The results of the 2024 European elections are deepening political cleavages in Europe. This outcome confirms that troubling nativist, authoritarian and populist trends are on the rise in
Europe, and globally as well.

Historically, far-right parties have been relatively minor players in Western Europe, securing an average vote share of 12.5% in national elections by 2017. However, their recent surge is catapulting them into the mainstream political arena.

Far-right parties are projected to hold almost a quarter of the 720 seats in the European Parliament, a significant increase from one fifth in 2019.

Although radical right movements tend to position themselves as a democratic, anti-establishment alternative to neoliberal globalisation trends that have dominated for years, their resurgence centres neonationalism, authoritarianism, and populism.

Their rise is marked by a shift towards exclusionary practices, strict societal order and the contestation of societal openness.

These changes are already evident in countries where they have gained power, such as Hungary, Italy, and Poland.
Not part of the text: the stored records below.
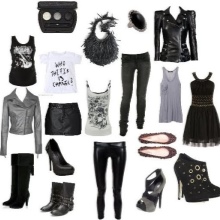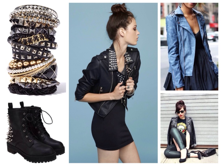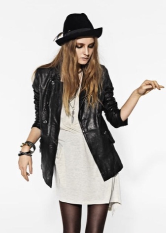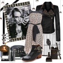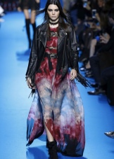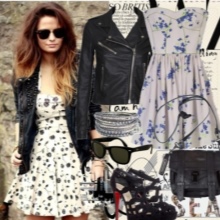 - An evening combination can be made with a long flying dress with cutouts and lace inserts, a leather jacket with a fringe and suede boots. Bright smokey ice, a spiked collar and bracelets on the hands complete the outfit.
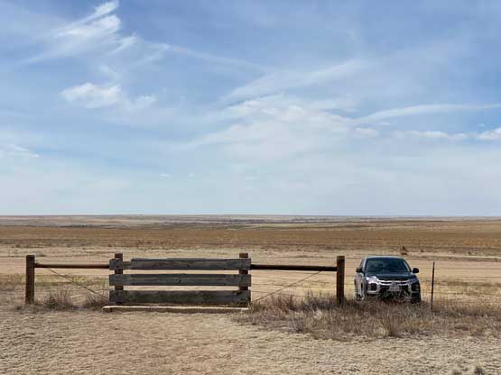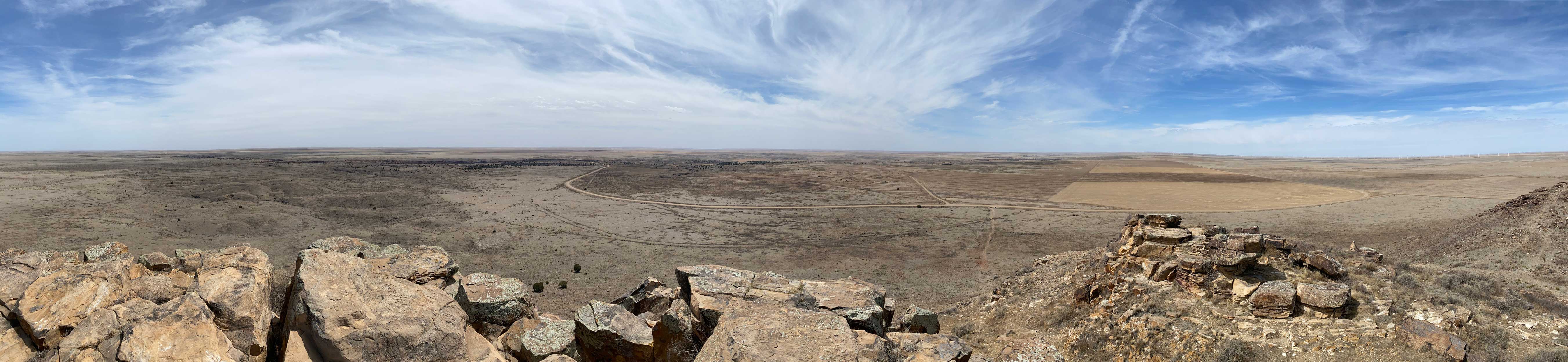 Two Buttes locates in the far SE corner of Colorado sticking a mere 100 m above the flat grasslands. This “peak” is known as the lowest ranked summit (100m prominence) in Colorado and it’s also a county high point. Of course when I pulled the spontaneous trigger to ascend it I knew nothing about these. I simply saw this peaklet while driving northwards up SR385 and my initial thought was “that thing must have more than 100 m prominence”. I pulled out the peakbagger app while driving and sure it has. It also has an official name, so I pulled over and did a quick research. My original plan was to drive straight to Kansas High Point but I figured this little detour wouldn’t cost more than an hour, so why not…
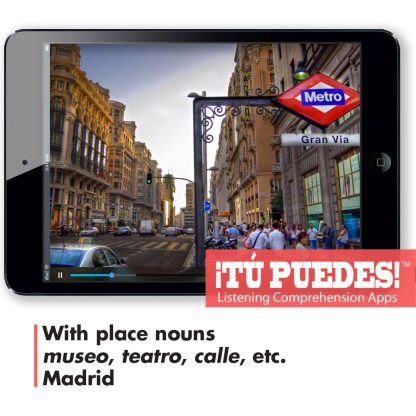 A real-world Spanish audio/visual listening clips, edited to under two minutes and accompanied by three levels of quizzes (Novice, Intermediate, and Advanced). As you listen, the clip pauses from time to time and asks the user a question. Once the question is answered, the video will resume playing. If you want you can replay the last part of the clip by pulling the video marker back. After the last question, students can review their results and send them to their teacher.Madrid Tour/br /With place nounsbr /museo, teatro, calle,/ etc.br /MadridHow it works:/br /1. You buy the app and we email the link to generate your 3 different level quiz codes.br /2. Tell your students to go to tupuedesapp.com/ on their computer or mobile device.br /3. Give your students the code for the quiz and have them do the exercise.br /4. Students press “Save and Submit” and their scores go to your results page.span style=”color: #FF3333″ To buy all 25 Listening Comprehension Apps a “https://www.teachersdiscovery.com/product/28055/spanish”click here./a//span

Collectively, these ideologies challenge the inclusive and liberal approaches established post-World War II.

‘Spillover’ into mainstream

The presence of far-right parties in European governments has doubled from seven in 2000 to 14 by February 2018. The once-existing barrier between far-right parties and centre-right parties is eroding in multiple countries, leading to shifting political alliances and a noticeable ‘ideological spillover’ from the extreme right to mainstream policy.

Populist, radical right parties often do not self-identify either as ‘populist’ or ‘radical’, and they may actively reject such characterisations.

Instead, they emphasise their anti-establishment allegiances, their critique of neoliberal globalisation and their commitment to upholding the will of the people.

As for the traditionally dominant centre-right and centre-left parties, they have increasingly adopted positions and priorities typically espoused by far-right populists.

This shift is particularly evident in policies related to immigration, minorities and law enforcement, creating a corrosive blend of ‘liberal-authoritarian’ policies.

Factors such as the asylum crisis, the proclaimed death of multiculturalism and fears of Islamic fundamentalism have further fuelled authoritarian, neonationalist and anti-liberal sentiments.

Markus Wagner and Thomas Meyer (2018) encapsulate this shift, observing that “the mean position of the mainstream left today is about as authoritarian as the mean radical right position in the 1980s”.

While there is a possibility that far-right parties may be ‘tamed’ as they approach positions of power, and that their provocative rhetoric, intended for populist consumption, might not ultimately challenge the prevailing neoliberal economic policies, there remain distinct threats posed by this shifting political landscape to universities.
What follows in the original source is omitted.